CCPA Section 93 states that “An arrested person shall not be subjected to any treatment against human dignity nor shall he or she be physically or morally abused.” The 2009 Southern Sudan Police Service Act (“SSPSA”) states that “any personnel, who intentionally commits an offence, while on duty as a guard of the accused, detained or remand person” and is convicted shall be sentenced to a prison term up to seven years, or a fine, or both (SSPSA Sec. 66). They may also face dismissal from the service (SSPSA Sec. 66). Any personnel convicted of neglecting their duty as a guard shall be sentenced to a prison term up to three years or a fine or both. They may also face dismissal from the service (SSPSA Sec. 67). Any personnel convicted of smuggling or attempting to smuggle a prohibited material into a detention center shall be sentenced to a prison term up to five years, or a fine, or both. They may also face dismissal from the service (SSPSA Sec. 73). Juvenile prisoners shall be separated from adult prisoners (Prisons Act Sec. 43).

Immigrant Detention:

The Prisons Act does not include any specific language on immigrant detention.

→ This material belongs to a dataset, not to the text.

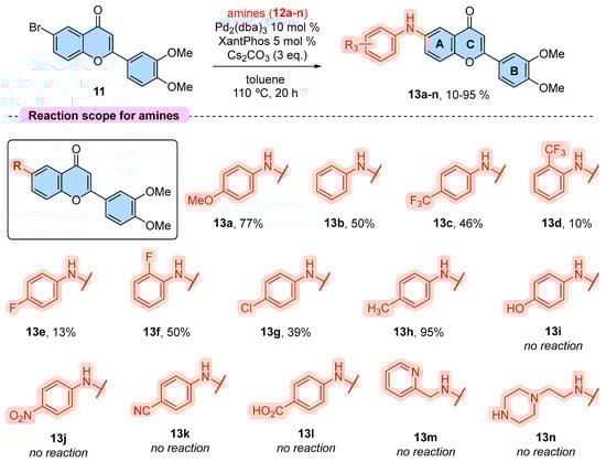 The optimization of the reaction conditions for the synthesis of 6-arylaminoflavone via Buchwald–Hartwig coupling reactions revealed significant differences in the efficiency of the employed conditions [18]. Initially, the coupling reaction was performed using Pd2(dba)3 as the catalyst, XantPhos as the ligand, and toluene as the solvent, while evaluating four different bases (entries 1–4, Table 1). In the first experiment, CsF was used as the base, but no reaction was observed (entry 1). Kónya and co-workers (2015) investigated the use of the stronger base, NaOtBu, in the Buchwald–Hartwig coupling for the synthesis of 6-arylaminoflavones derivatives [19]. The authors suggested that steric hindrance from the amine was a key factor limiting the overall yields, and that benzylamines were generally more suitable substrates. In our case, however, the use of NaOtBu resulted in only trace amounts of product (entry 2). In contrast, the desired compound 13a was successfully obtained when alkali metal carbonates such as K2CO3 and Cs2CO3 were employed (entries 3–4). Notably, although using a different substrate (6-tosyloxyflavone), Yuen and co-workers [20] also reported the synthesis of 6-aminoflavones via palladium-catalyzed cross-coupling using K2CO3 as the base. In our study, the optimal conditions were achieved with Cs2CO3, affording compound 13a in 77% yield (entry 4). The Cs2CO3 proved to be superior to other bases tested, reinforcing the need for moderately strong bases to efficiently activate the nucleophilic amine and subsequently form the C-N bond [21]. Subsequently, an alternative ligand—DavePhos—was employed (entry 5); however, it yielded results comparable to those obtained with XantPhos. Nevertheless, XantPhos, being a bidentate ligand, likely offers enhanced chelation and steric stabilization, resulting in a marginally superior yield [22]. Other palladium catalysts, such as PdCl2(PPh3)2, were also evaluated; however, the reactions did not yield superior results compared to those obtained with Pd2(dba)3 (20%; entry 6). Finally, replacing toluene with THF as the solvent (entry 7) resulted in reduced yields of the coupling product. This decrease in efficiency can be attributed to the coordination of polar solvents, such as THF, with the palladium center, which likely disrupts the catalytic cycle and compromises the reaction’s overall performance [23]. The screening of reaction conditions was limited to selected combinations of bases, ligands, and solvents. A more extensive optimization may further improve yields for challenging substrates and will be explored in future studies. Besides that, with optimized conditions established, which included flavone 11 (1.0 equiv), amine (1.2 equiv), Pd2(dba)3 (10 mol %), XantPhos (5 mol %), Cs2CO3 (3.0 equiv), and toluene at 110 °C for 20 h (entry 4), we investigated the scope of the Buchwald–Hartwig coupling reactions (Scheme 2).

Right to Medical Care in Prison:

Nat. Sec. Act Article 51 states that “a detainee shall have the right to medical care.”

Mental Health Care:

If “there is reason to believe that the accused is of unsound mind and consequently incapable of making his or her defence” during a trial, the “trial shall be adjourned and the accused shall be referred for examination” to a specialized physician, who “shall report the result of such examination to the Court” (CCPA Sec. 206(1)). If the physician determines “unsoundness of mind,” the trial shall be adjourned until the accused has “sufficiently recovered to make his or her defence” (Sec. 206(2)). The Magistrate or Court shall determine the custody of the accused. If evidence demonstrates that an accused person was not of sound mind when committing an offense but is of sound mind at the time of trial, the Court shall “forward him or her to be dealt with” under Sec. 206 (CCPA Sec. 207).

Restriction of Rights:

Persons in custody have the right to inform their family or employer of their detention and to communicate with their family and advocate “if this does not prejudice the process of investigation” (Nat. Sec. Art. 51). The family shall have the right to visit the person in custody (Nat. Sec. Art. 51). A legal advisor appointed by the Minister of Justice “shall continuously search the detention facilities in order to ensure compliance with the detention regulations and receive any complaint from the detainees” (Nat. Sec. Art. 51). Persons in custody have the right to “obtain an additional portion of food… at his/her own expense” (Nat. Sec. Art. 51). Conditions in detentions shall ensure “safeguard of the detainees’ dignity” (Nat. Sec. Art. 51). Section 52 of the 2003 Prisons Act states that “every convicted prisoner shall be deployed in one of the labour units” to conduct hard or light labour.

Women’s Rights in Prison:

Nat. Sec. Act Article 51(5) states that “women detainees shall be placed only in detention facilities allocated for them. They shall be treated in a manner that is commensurate with their status as females.” Pregnant prisoners shall deliver their babies in civil hospitals (Prisons Act Sec. 48).